Un vínculo formado no por sangre, no por política…

Su mirada se desvió hacia nosotros.

—…sino por elección.

Un suave murmullo se extendió entre los invitados.

Mi corazón latía con fuerza.

El pulgar de Alvar acarició el dorso de mi mano.

Un gesto diminuto.

Un consuelo silencioso.

El sacerdote levantó un orbe de cristal; brillaba tenuemente, reaccionando a la magia en el aire…

o quizás reaccionando al caos en mi torrente sanguíneo.

—Gran Duque Alvar Regulfsson.

Leif Thorenvald.

Den un paso adelante.

Nos movimos al unísono.

Su capa se arrastraba como la noche misma.

Mi velo atrapando la luz del sol como la escarcha matutina.

El sacerdote se dirigió primero a Alvar.

—Gran Duque, por favor pronuncie sus votos.

***
[POV de Alvar—Los Votos]
La mano de Leif temblaba muy ligeramente en la mía.

Así que apreté mi agarre—suave, firme—anclándolo.

Anclándome a mí mismo.

Inhalé profundamente, encontrando sus ojos a través del suave velo.

Entonces hablé.

—Leif.

—Solo su nombre llenó mi pecho de calidez—.

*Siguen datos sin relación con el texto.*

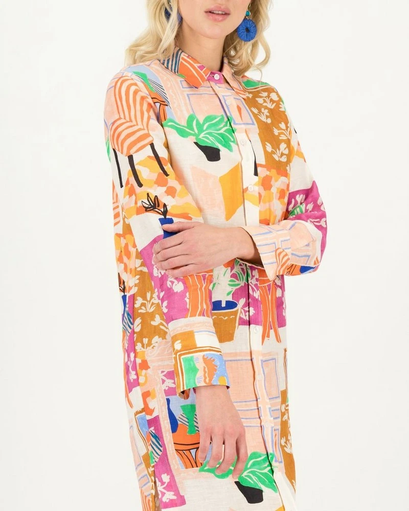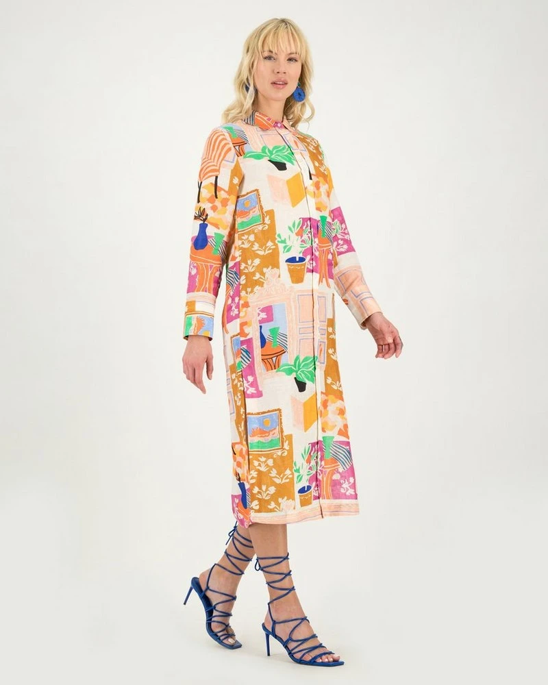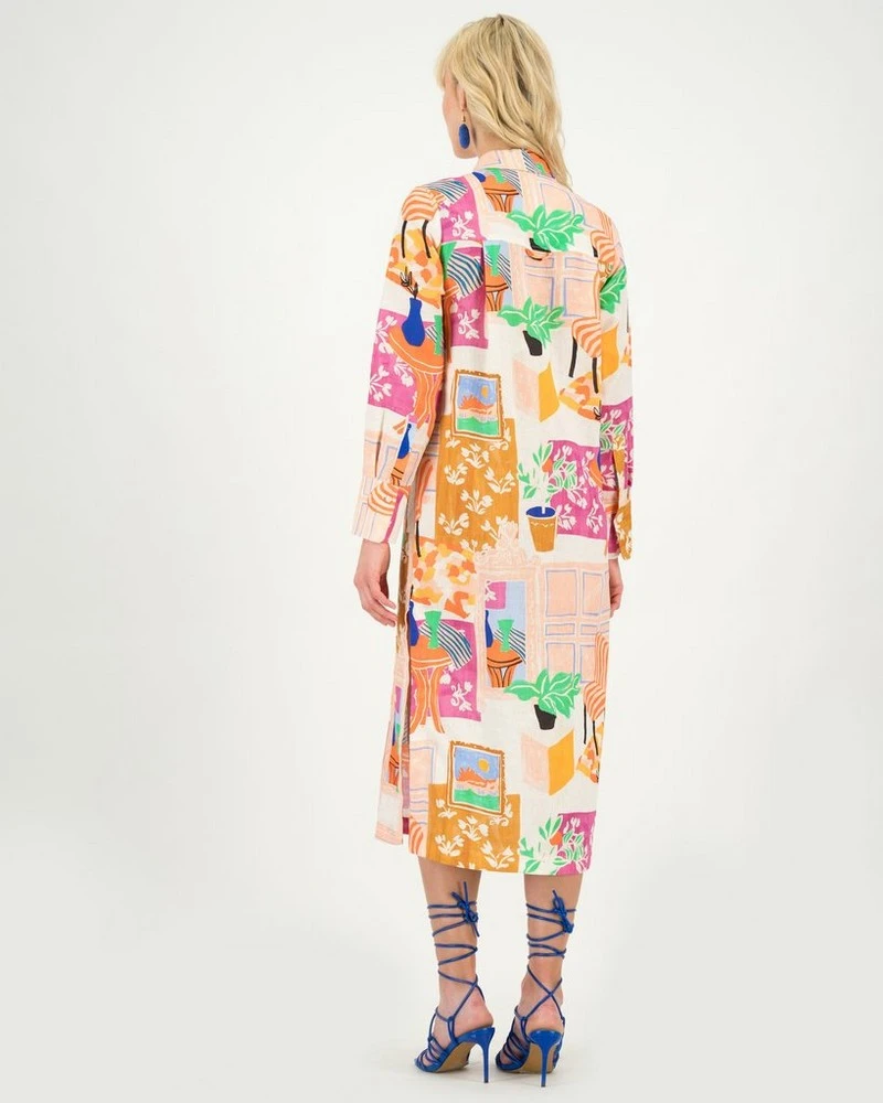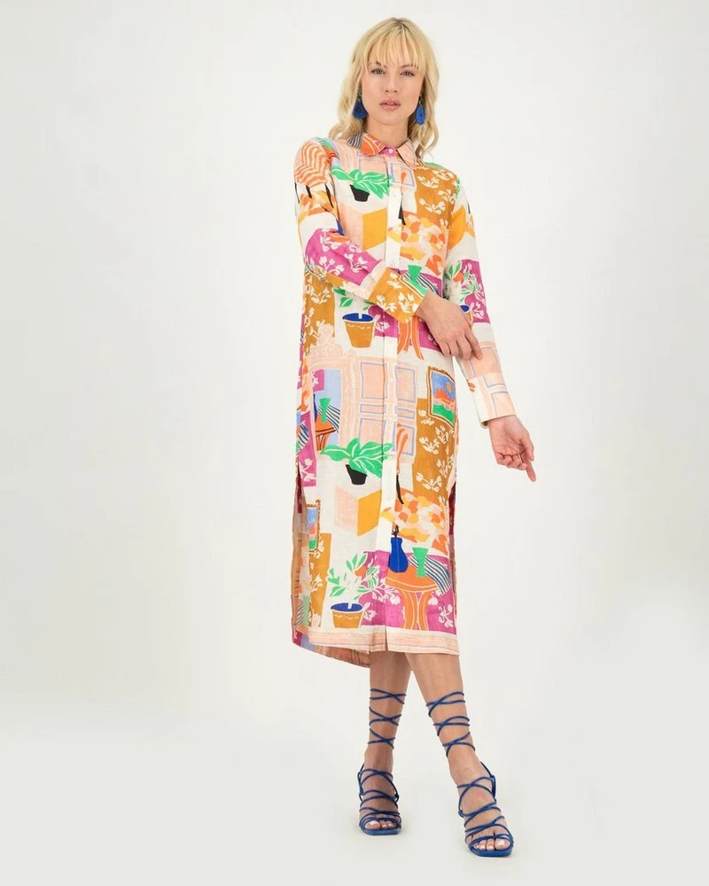 Casual, comfortable and in a pop of colour, the Marly Dress. Made from a lightweight plant-based linen blend in a fun summer print, the midi dress features an oversized fit with a classic collared neckline, a full-length button-down and long sleeves.

En mi vida, he conocido la guerra.

El deber.

El silencio.

Interminables noches de insomnio.

He conocido la victoria…

y la soledad.

Los invitados exhalaron en silencio—algunos con simpatía, otros con asombro.

—Pero cuando entraste en mi mundo —continué, con voz firme—, todo cambió.

La respiración de Leif se entrecortó detrás del velo.

—Eras caos.

Luz.

Valentía insensata.

Honestidad exasperante.

Una calidez que no creía que se me permitiera sentir.

—Mi garganta se tensó, pero no vacilé—.

Me enseñaste…

que no estoy solo.

Que no necesito estarlo.

Sus ojos se agrandaron, brillantes.

—Juro protegerte—contra demonios, destino, reyes y el destino mismo.

Juro permanecer a tu lado—a través de tormentas, estaciones, y cualquier caos que arrastres a mi vida.

Juro amarte—en silencio o en voz alta, con fiereza o con ternura—como lo necesites.

Mi voz se suavizó.

—Y por último…

juro caminar contigo.

Porque en el momento en que diste un paso hacia mí…

supe que quería seguirte por el resto de mi vida.

Cayó un silencio tan profundo que se sentía sagrado.

La mano de Leif tembló nuevamente—esta vez no por miedo, sino por emoción.

El sacerdote se volvió hacia él.

—Leif…

tus votos.

***
[POV de Leif — Mi Turno para Hablar (oh no)]
Mi garganta se sentía como si estuviera llena de chocolate caliente y pánico.

Todos estaban mirando.

Alvar estaba mirando.

De repente el velo se sentía tres tallas más pequeño.

Pero entonces…

Alvar apretó mi mano.

Solo una vez.

Y el mundo se estabilizó.

Tragué saliva y comencé.

—Alvar…

—Su nombre se sentía pesado.

Y cálido.

Y correcto—.

No fingiré que este camino fue fácil cuando se trata de ti.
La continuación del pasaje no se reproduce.